§ Assignment: Transcribe word for word the section of the records below that opens with the line containing "Polizistinnen und Polizisten." and closes with the line containing "2006년부터 적용하고 있다. |"; drop every picture.

§ Record extracts:
☆ ☆ ☆ ☆ ☆
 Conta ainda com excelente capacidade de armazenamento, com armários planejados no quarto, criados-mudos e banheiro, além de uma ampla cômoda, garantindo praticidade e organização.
☆ ☆ ☆ ☆ ☆
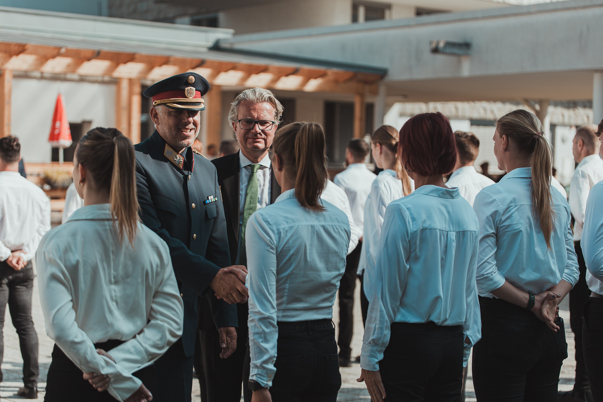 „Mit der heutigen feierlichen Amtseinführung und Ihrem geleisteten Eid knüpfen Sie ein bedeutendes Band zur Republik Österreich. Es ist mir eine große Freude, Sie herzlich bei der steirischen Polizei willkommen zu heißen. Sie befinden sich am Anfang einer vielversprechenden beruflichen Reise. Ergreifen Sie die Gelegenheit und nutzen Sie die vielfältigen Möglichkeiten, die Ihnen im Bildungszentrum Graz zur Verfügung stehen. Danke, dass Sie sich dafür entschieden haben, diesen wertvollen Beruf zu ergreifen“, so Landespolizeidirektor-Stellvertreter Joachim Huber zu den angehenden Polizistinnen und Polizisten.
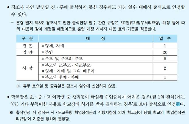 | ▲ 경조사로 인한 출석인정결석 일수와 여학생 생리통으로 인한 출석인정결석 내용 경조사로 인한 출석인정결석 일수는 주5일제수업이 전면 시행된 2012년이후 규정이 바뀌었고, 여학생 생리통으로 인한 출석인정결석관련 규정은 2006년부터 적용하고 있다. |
☆ ☆ ☆ ☆ ☆
§ Task response:
 „Mit der heutigen feierlichen Amtseinführung und Ihrem geleisteten Eid knüpfen Sie ein bedeutendes Band zur Republik Österreich. Es ist mir eine große Freude, Sie herzlich bei der steirischen Polizei willkommen zu heißen. Sie befinden sich am Anfang einer vielversprechenden beruflichen Reise. Ergreifen Sie die Gelegenheit und nutzen Sie die vielfältigen Möglichkeiten, die Ihnen im Bildungszentrum Graz zur Verfügung stehen. Danke, dass Sie sich dafür entschieden haben, diesen wertvollen Beruf zu ergreifen“, so Landespolizeidirektor-Stellvertreter Joachim Huber zu den angehenden Polizistinnen und Polizisten.
 | ▲ 경조사로 인한 출석인정결석 일수와 여학생 생리통으로 인한 출석인정결석 내용 경조사로 인한 출석인정결석 일수는 주5일제수업이 전면 시행된 2012년이후 규정이 바뀌었고, 여학생 생리통으로 인한 출석인정결석관련 규정은 2006년부터 적용하고 있다. |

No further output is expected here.